Joseph n’avait pas disparu comme les autres. Tandis que le temps et la distance avaient effacé peu à peu la présence de certains, le rendant flou dans mon esprit, lui, il était resté. Il avait trouvé le moyen de se frayer un chemin au-delà de l’absence, de contourner la séparation, de s’accrocher à moi par des liens invisibles mais tenaces. Il était parti, certes, mais en réalité, il était encore là.
Chaque jour, il s’arrangeait pour créer des occasions où nos chemins se croiseraient. Rien ne semblait le dissuader, ni les contraintes du temps ni celles de l’espace. Comme un architecte patient, il bâtissait ces instants, les tissant avec soin, veillant à ce qu’aucun d’eux ne soit laissé au hasard. Il m’invitait à boire un verre de jus avec lui, toujours sous des prétextes anodins : une envie soudaine de discuter, un simple besoin de compagnie, une pause dans sa journée qu’il préférait partager avec moi plutôt que de la passer seul. Mais au fond, ces rencontres n’avaient rien de fortuit. Elles étaient voulues, construites, désirées. Et moi, sans trop savoir pourquoi, je me retrouvais toujours à accepter.

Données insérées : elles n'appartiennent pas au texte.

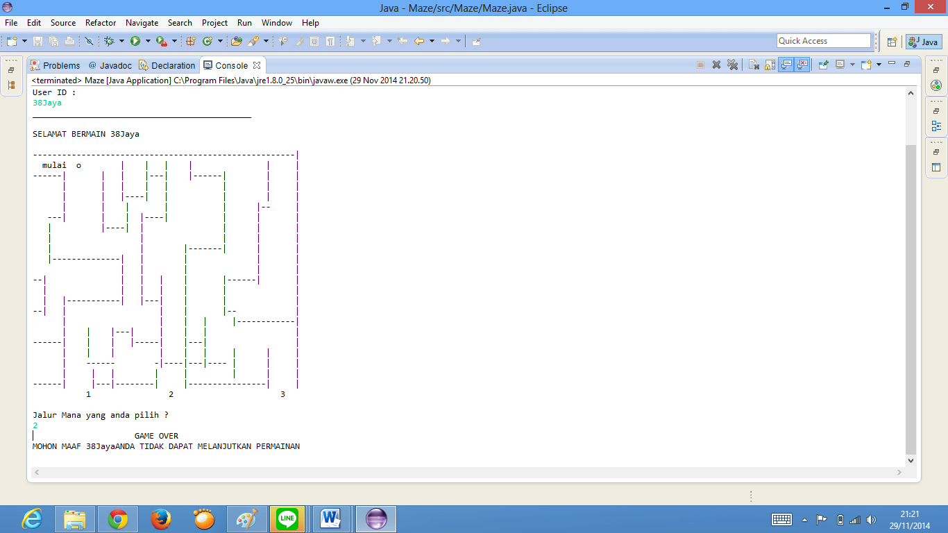 Println("Selamat datang dalam game Maze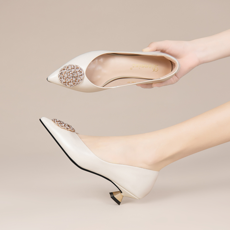 红色皮鞋 单鞋 鞋 四季 瓢鞋 新娘鞋 中跟真皮尖头婚鞋 新款 女春季 高跟鞋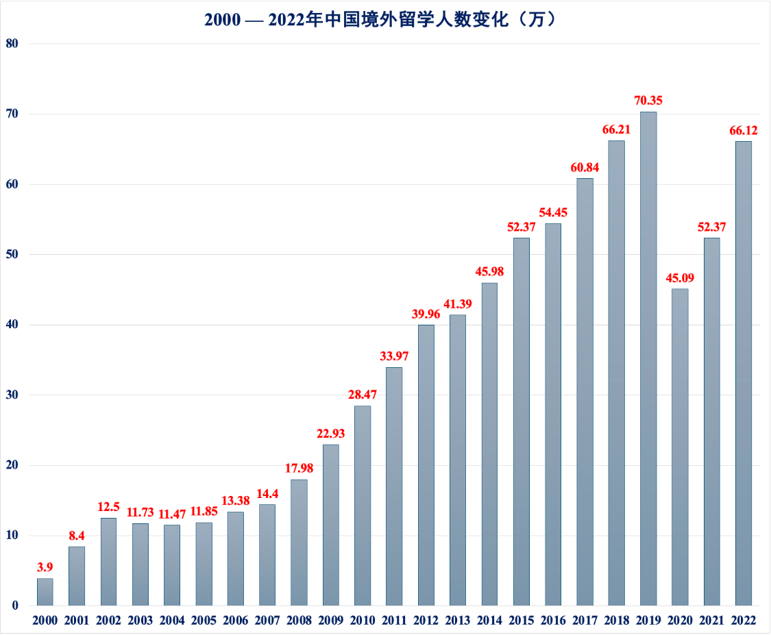 我统计、汇总了从2000年到2022年中国教育部、全球化智库公布的中国境外留学人数,其中: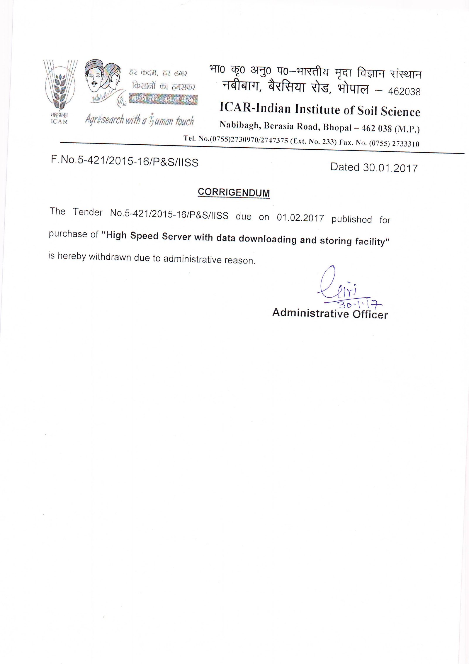 Corrigendum for E-Tender Notice for Annual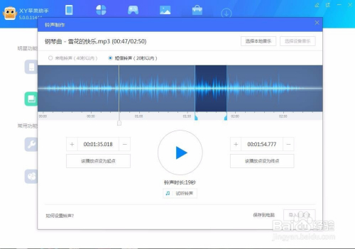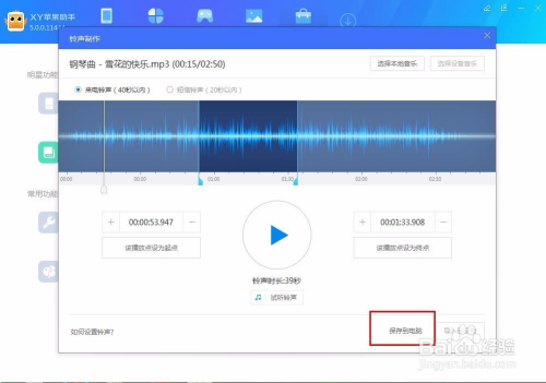 在设置好音乐的起点和终点之后,就可以选择播放按钮下方的试听铃声,感觉不对劲还可以从头点窜或是微调,感觉挺和心意就记得保留,选择右下角的保留到电脑选项。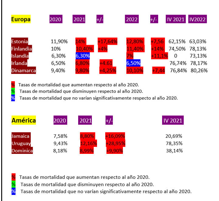 En la mayoría de países donde las “vacunas” inoculadas fueron de ARNm (ARN mensajero) y de vector viral, sí puede observarse un notorio aumento en sus tasas de mortalidad.

Nos conversations n’étaient jamais vides. Il savait toujours quoi dire pour me faire sourire, pour attiser mon intérêt, pour faire vibrer en moi quelque chose d’indéfinissable. Ses paroles étaient pleines de douceur, parfois de légers sous-entendus, jamais trop appuyés mais assez présents pour laisser place au doute, à l’interrogation. Il n’était pas seulement un homme qui parlait, il était un homme qui tissait, qui tissait sa place en moi, mot après mot, échange après échange.
Mais ce qui me troublait le plus, c’était ses appels. Il ne se contentait pas d’un simple message pour prendre de mes nouvelles, ni d’un rapide coup de téléphone pour entendre ma voix. Non, il voulait me voir. Il exigeait parfois des appels vidéo, me disant qu’il avait juste envie de contempler mon visage. Cette demande, qui aurait pu sembler banale, prenait une tout autre dimension lorsqu’elle venait de lui. Il insistait avec une douceur désarmante, une insistance à laquelle il était difficile de résister. Je finissais toujours par céder, par répondre, par apparaître sur l’écran de son téléphone, sous son regard attentif et admiratif.
Et lorsqu’il me regardait ainsi, lorsqu’il laissait son regard s’attarder sur moi à travers l’écran, il ne pouvait s’empêcher de m’adresser des compliments. Il louait mes qualités, admirait ma beauté avec une sincérité troublante. Il trouvait toujours un détail à souligner : un éclat dans mes yeux, une douceur dans ma voix, une grâce dans ma manière d’être. Il ne disait jamais les choses de manière brutale ou ostentatoire. Non, ses paroles avaient cette subtilité qui les rendait encore plus marquantes, encore plus pénétrantes.
Peu à peu, presque sans que je m’en rende compte, cette présence qu’il entretenait s’était ancrée en moi. Il ne m’accordait pas la possibilité de l’oublier, il ne me laissait pas cette distance que les autres avaient naturellement imposée. Il était toujours là, même dans son absence. Il s’infiltrait dans mes pensées, dans mes habitudes, dans mon quotidien.
Oui, il était parti. Mais d’une étrange manière, il était resté. Plus présent que jamais.